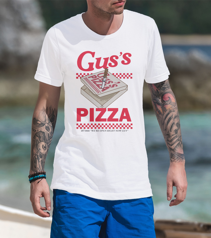 Gus's Pizza Box Knife 487-8666 We're Open Right Now Guy T-Shirt
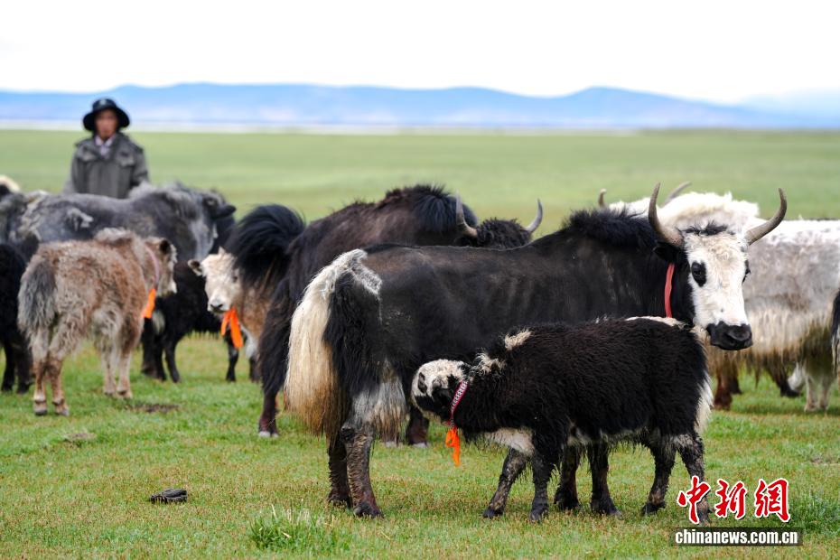 7月22日,在西藏阿里地區(qū)普蘭縣霍爾鄉(xiāng)瑪旁雍錯(cuò)濕地,一頭牦牛在喂養(yǎng)牛犢。為實(shí)現(xiàn)更大的經(jīng)濟(jì)效益,霍爾鄉(xiāng)近年來探索建立牦牛養(yǎng)殖專業(yè)合作社,按當(dāng)?shù)刈匀粭l件合理分配牦牛放牧地點(diǎn),并將牛奶進(jìn)行加工銷售,2023年該合作社的年總收入達(dá)到60余萬元人民幣,帶動(dòng)牧民人均增收2萬余元人民幣。中新社記者 張祥毅 攝
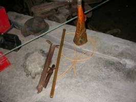 When we were down in the mine, we were shown how they used dynamite to break the slate. In the picture here we have a dynamite carrier, fuse wire and tools to make a hole in the rock. The miners would run for cover once the use was lit. |
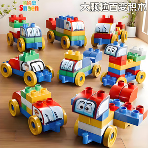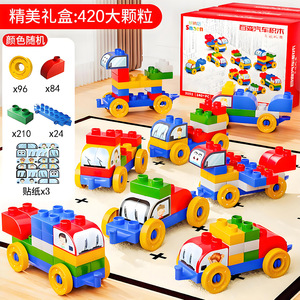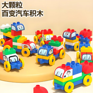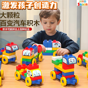 儿童大颗粒积木小车早教益智拼装可啃咬男女孩一6岁生日礼物宝宝
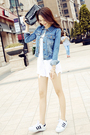 两个色系的牛仔外套,深蓝+浅蓝,上身特别硬朗,春天搭配长短tee都好看哟,下身可搭配短裙或者短裤,总之很百搭哟
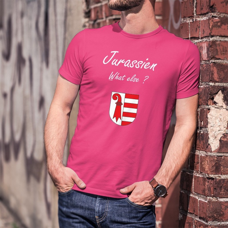 T-shirt coton illustré du célèbre texte ★ Jurassien, What else ? ★ tiré d'une marque de café espresso bien connue et de l'écusson du canton du Jura
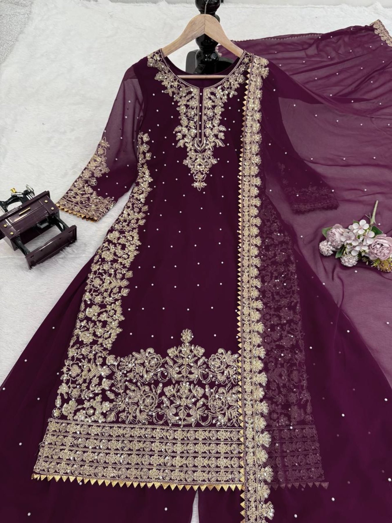 Regal Party Wear Georgette Top-Plazzo Set with Embroidery Work at Wholesale Rate
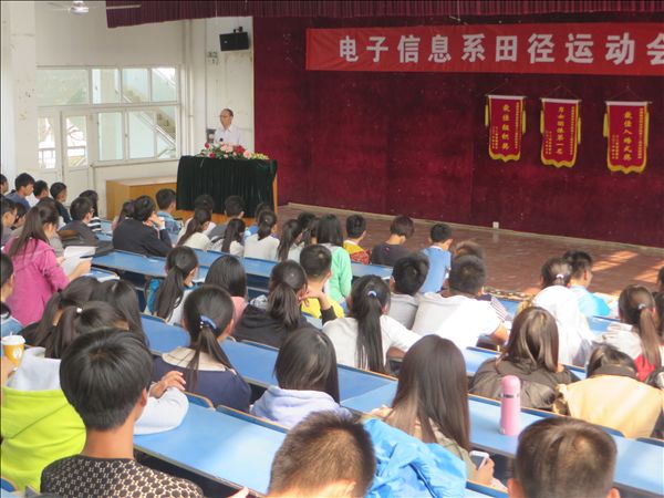 10月14日中午,电子信息系对参加校十三届运动会的全体运动员进行了赛前总动员,并就近期的训练安排和校运会期间的工作进行了部署。
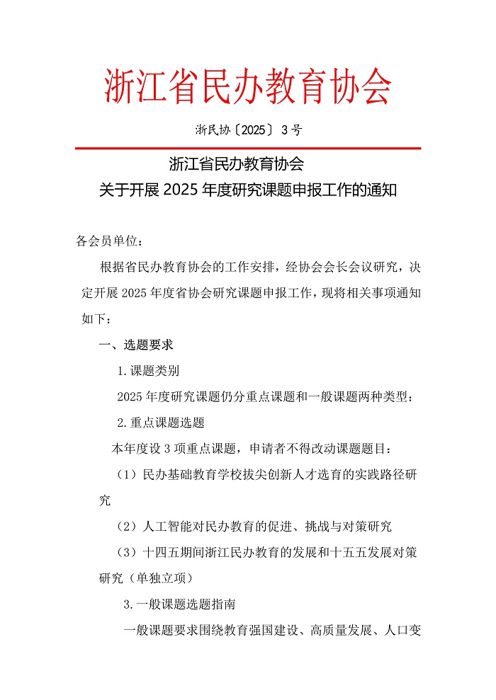 浙江省民办教育协会关于开展2025年度研究课题申报工作的通知(图)
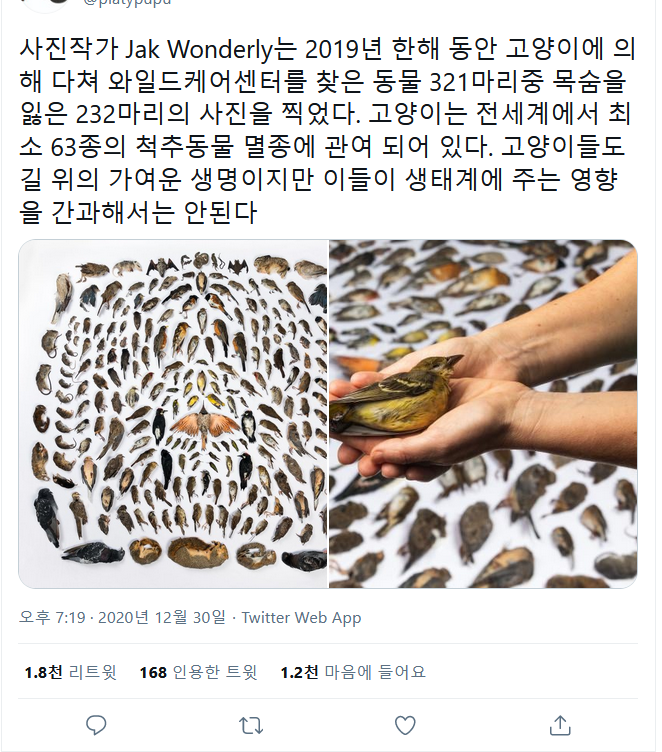 [유머] 고양이한테 죽은 동물들로 만든 작품
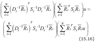 i = DiRi. Here, Di =diag{δi} is a diagonal matrix defining a partition of unity. Substituting S and M1 in Eq. (15.8), we obtain
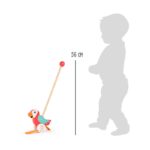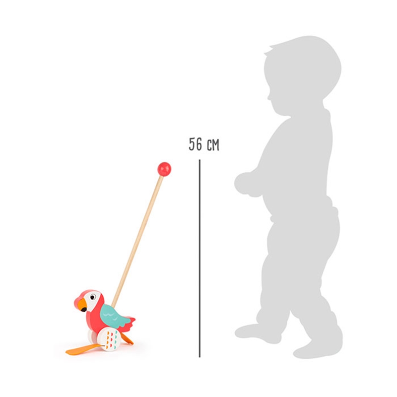 Всяко малко дете обича да се разхожда с този цветен папагал! Когато се бута, глупавият папагал мърда краката си с всяко завъртане на колелата. Този забавен спътник може лесно да се бута наоколо благодарение на дървената топка на дръжката.
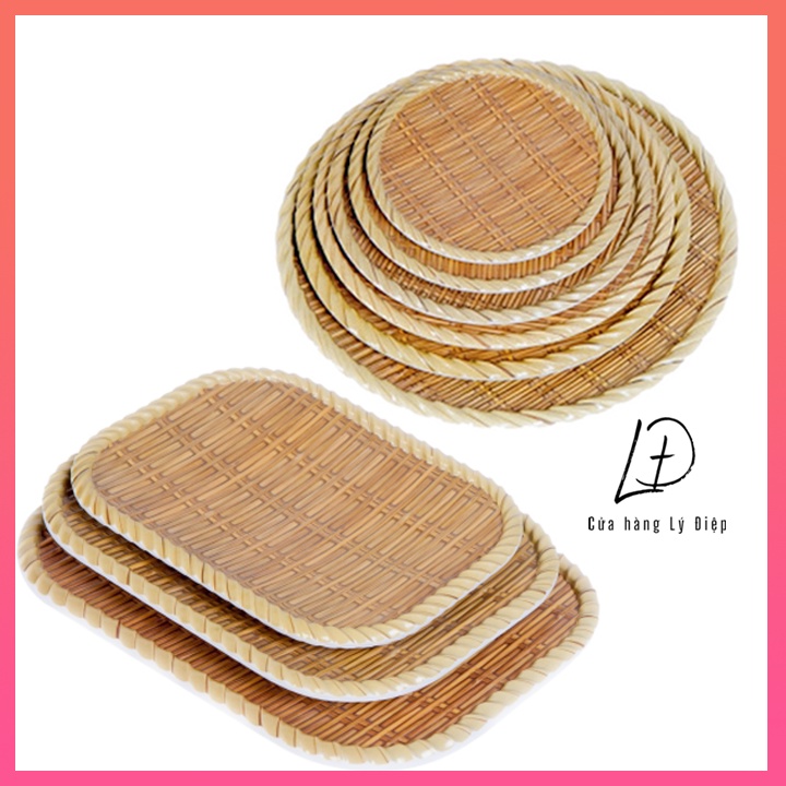 Nhà cửa & Đời sống > Bộ đồ bàn ăn > Dĩa || Đĩa mẹt nhựa tròn giả mây tre đan⚡️ LOẠI DÀY⚡️Dĩa phíp Melamine đựng bún đậu,đồ ăn vặt,trái cây -❖shoptanthoi❖Còn hàng

○ ○ ○ ○ ○

ABOUT THIS EXERCISE: Where an entry contains an image, leave the image out; otherwise retype everything exactly.

RESULT OF THIS EXERCISE:
 Gus's Pizza Box Knife 487-8666 We're Open Right Now Guy T-Shirt
 7月22日,在西藏阿里地區(qū)普蘭縣霍爾鄉(xiāng)瑪旁雍錯(cuò)濕地,一頭牦牛在喂養(yǎng)牛犢。為實(shí)現(xiàn)更大的經(jīng)濟(jì)效益,霍爾鄉(xiāng)近年來探索建立牦牛養(yǎng)殖專業(yè)合作社,按當(dāng)?shù)刈匀粭l件合理分配牦牛放牧地點(diǎn),并將牛奶進(jìn)行加工銷售,2023年該合作社的年總收入達(dá)到60余萬元人民幣,帶動(dòng)牧民人均增收2萬余元人民幣。中新社記者 張祥毅 攝
 When we were down in the mine, we were shown how they used dynamite to break the slate. In the picture here we have a dynamite carrier, fuse wire and tools to make a hole in the rock. The miners would run for cover once the use was lit. |
 儿童大颗粒积木小车早教益智拼装可啃咬男女孩一6岁生日礼物宝宝
 两个色系的牛仔外套,深蓝+浅蓝,上身特别硬朗,春天搭配长短tee都好看哟,下身可搭配短裙或者短裤,总之很百搭哟
 T-shirt coton illustré du célèbre texte ★ Jurassien, What else ? ★ tiré d'une marque de café espresso bien connue et de l'écusson du canton du Jura
 Regal Party Wear Georgette Top-Plazzo Set with Embroidery Work at Wholesale Rate
 10月14日中午,电子信息系对参加校十三届运动会的全体运动员进行了赛前总动员,并就近期的训练安排和校运会期间的工作进行了部署。
 浙江省民办教育协会关于开展2025年度研究课题申报工作的通知(图)
 [유머] 고양이한테 죽은 동물들로 만든 작품
 i = DiRi. Here, Di =diag{δi} is a diagonal matrix defining a partition of unity. Substituting S and M1 in Eq. (15.8), we obtain
 Всяко малко дете обича да се разхожда с този цветен папагал! Когато се бута, глупавият папагал мърда краката си с всяко завъртане на колелата. Този забавен спътник може лесно да се бута наоколо благодарение на дървената топка на дръжката.
 Nhà cửa & Đời sống > Bộ đồ bàn ăn > Dĩa || Đĩa mẹt nhựa tròn giả mây tre đan⚡️ LOẠI DÀY⚡️Dĩa phíp Melamine đựng bún đậu,đồ ăn vặt,trái cây -❖shoptanthoi❖Còn hàng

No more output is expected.